Surgical strike “broken”. Government lodges civil requisition

The surgical strike that has seen angry nurses force the cancellation of thousands of operations has today been dealt a body blow.

The Council of Ministers has lodged a ‘civil requisition’ in the name of the government forcing nurses to provide the minimum services as defined by law.

This has nothing to do with the right to strike, explained health minister Marta Temida. It is the government’s reaction to the fact that operations that should have gone ahead during the strike, haven’t – compromising patients’ inherent right to health.
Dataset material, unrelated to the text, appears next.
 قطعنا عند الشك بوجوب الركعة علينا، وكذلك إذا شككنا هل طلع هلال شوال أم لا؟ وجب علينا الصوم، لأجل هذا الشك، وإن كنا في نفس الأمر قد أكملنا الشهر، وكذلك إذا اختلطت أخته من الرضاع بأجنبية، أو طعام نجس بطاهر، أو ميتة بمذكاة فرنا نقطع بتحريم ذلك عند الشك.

Nurses “must understand” that this was not an option taken lightly, Temida told assembled reporters. Indeed, the government felt there was nothing else it could do but break the deadlock this way.

This has been a strike that transformed the face of public sector disputes in that a largely anonymous crowdfunding campaign has managed to ‘finance’ prolonged and crippling industrial action for week.
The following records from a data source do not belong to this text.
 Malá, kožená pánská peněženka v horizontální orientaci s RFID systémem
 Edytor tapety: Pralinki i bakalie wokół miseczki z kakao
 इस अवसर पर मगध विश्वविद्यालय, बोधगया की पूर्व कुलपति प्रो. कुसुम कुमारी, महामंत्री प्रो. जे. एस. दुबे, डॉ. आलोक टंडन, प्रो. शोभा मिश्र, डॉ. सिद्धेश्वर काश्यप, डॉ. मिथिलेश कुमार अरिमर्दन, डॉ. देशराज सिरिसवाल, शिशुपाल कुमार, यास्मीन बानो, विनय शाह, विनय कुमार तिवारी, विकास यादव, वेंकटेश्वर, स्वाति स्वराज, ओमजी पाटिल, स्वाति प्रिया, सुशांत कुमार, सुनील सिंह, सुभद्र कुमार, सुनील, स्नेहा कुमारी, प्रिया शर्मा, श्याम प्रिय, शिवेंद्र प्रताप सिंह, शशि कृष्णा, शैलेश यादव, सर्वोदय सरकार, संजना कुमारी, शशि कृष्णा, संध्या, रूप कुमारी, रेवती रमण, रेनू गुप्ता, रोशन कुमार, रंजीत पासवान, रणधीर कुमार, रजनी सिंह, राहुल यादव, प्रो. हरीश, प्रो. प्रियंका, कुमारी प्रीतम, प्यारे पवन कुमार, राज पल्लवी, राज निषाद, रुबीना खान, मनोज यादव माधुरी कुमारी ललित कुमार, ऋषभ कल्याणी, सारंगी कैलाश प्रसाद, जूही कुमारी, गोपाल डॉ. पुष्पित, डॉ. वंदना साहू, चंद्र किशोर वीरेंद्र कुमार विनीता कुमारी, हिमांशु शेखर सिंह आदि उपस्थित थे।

It’s a formula that has piqued the interest of international media (click here) and seen ruling Socialists demand transparency.
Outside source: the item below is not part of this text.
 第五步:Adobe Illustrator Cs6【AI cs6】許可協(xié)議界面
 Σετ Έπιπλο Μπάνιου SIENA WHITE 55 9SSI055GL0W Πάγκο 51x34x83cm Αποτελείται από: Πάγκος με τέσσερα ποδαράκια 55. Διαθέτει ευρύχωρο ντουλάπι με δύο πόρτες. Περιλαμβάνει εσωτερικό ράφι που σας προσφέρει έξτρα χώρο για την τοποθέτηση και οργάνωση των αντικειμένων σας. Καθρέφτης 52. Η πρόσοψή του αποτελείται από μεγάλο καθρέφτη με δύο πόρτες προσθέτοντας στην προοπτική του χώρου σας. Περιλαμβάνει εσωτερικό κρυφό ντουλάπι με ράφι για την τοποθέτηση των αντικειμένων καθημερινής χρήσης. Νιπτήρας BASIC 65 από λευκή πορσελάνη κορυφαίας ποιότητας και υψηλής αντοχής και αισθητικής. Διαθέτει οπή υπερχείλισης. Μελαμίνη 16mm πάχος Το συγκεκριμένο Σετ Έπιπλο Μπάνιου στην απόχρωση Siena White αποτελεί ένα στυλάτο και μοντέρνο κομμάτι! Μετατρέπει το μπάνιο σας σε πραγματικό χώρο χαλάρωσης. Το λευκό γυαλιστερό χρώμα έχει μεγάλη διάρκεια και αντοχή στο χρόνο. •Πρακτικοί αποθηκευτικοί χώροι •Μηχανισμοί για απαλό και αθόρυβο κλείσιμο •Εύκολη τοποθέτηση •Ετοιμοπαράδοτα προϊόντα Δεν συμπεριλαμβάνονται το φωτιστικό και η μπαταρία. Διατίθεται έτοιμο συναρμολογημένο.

“All Portuguese people want to know if something or someone wants to attack the national health service”, João Paulo Correia, vice-president of the Socialist bench, explains. “The big question is who is paying for this surgical strike, and how are they paying”.

Stories this far suggest the €700,000 euros ‘donated’ have all come from fellow nurses, but there are clearly those who believe there are other sources with their own reasons for working against the government covertly.

Reacting to the news, ASPE, the association of nursing syndicates, has accused the government of “disrespecting” nurses and embarking on a course of action that could see further “uncontrollable” forms of protest.

Lúcia Lima, ASPE’s president, claims the government has “used strategies to simulate facts”.

“More patients than we could possibly have attended even in normal conditions were booked for surgeries”, she told reporters. “There are situations in which the number of patients exceeded theatre capacity even if there wasn’t a strike”.